TO DO.
Your task is to copy each line of the material that includes "made".

(EXTRACTED INFORMATION Opens)

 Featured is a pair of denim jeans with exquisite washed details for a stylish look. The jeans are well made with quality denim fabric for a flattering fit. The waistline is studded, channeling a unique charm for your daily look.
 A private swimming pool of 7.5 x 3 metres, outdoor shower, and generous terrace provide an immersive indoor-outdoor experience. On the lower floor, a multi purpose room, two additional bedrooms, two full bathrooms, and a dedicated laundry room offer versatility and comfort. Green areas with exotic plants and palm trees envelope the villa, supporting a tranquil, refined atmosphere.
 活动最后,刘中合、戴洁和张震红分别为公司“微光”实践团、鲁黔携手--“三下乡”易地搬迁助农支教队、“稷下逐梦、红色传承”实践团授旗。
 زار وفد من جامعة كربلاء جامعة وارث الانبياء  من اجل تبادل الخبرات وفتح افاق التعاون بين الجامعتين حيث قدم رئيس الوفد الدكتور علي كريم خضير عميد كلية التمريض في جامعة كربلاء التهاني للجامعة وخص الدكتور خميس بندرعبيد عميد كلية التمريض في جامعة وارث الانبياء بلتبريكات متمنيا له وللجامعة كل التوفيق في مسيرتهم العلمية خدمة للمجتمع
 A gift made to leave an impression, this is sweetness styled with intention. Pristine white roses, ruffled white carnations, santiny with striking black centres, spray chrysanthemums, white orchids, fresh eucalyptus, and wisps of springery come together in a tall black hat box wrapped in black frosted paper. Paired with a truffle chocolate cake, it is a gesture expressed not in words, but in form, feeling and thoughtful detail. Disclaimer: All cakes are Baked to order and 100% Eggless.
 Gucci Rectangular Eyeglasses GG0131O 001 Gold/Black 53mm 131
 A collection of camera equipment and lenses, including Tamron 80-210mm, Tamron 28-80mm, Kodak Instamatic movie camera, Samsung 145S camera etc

(EXTRACTED INFORMATION Closes)
(EXTRACTED INFORMATION Opens)

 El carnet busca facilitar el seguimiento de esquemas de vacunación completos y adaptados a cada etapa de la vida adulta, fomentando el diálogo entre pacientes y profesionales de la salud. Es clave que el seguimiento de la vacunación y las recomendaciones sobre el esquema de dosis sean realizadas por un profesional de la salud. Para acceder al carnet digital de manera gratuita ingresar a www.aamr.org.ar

(EXTRACTED INFORMATION Closes)
(EXTRACTED INFORMATION Opens)

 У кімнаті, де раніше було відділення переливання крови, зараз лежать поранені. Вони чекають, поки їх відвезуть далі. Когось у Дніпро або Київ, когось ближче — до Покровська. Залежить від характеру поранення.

(EXTRACTED INFORMATION Closes)

ANSWER SPACE.
 Featured is a pair of denim jeans with exquisite washed details for a stylish look. The jeans are well made with quality denim fabric for a flattering fit. The waistline is studded, channeling a unique charm for your daily look.
 A gift made to leave an impression, this is sweetness styled with intention. Pristine white roses, ruffled white carnations, santiny with striking black centres, spray chrysanthemums, white orchids, fresh eucalyptus, and wisps of springery come together in a tall black hat box wrapped in black frosted paper. Paired with a truffle chocolate cake, it is a gesture expressed not in words, but in form, feeling and thoughtful detail. Disclaimer: All cakes are Baked to order and 100% Eggless.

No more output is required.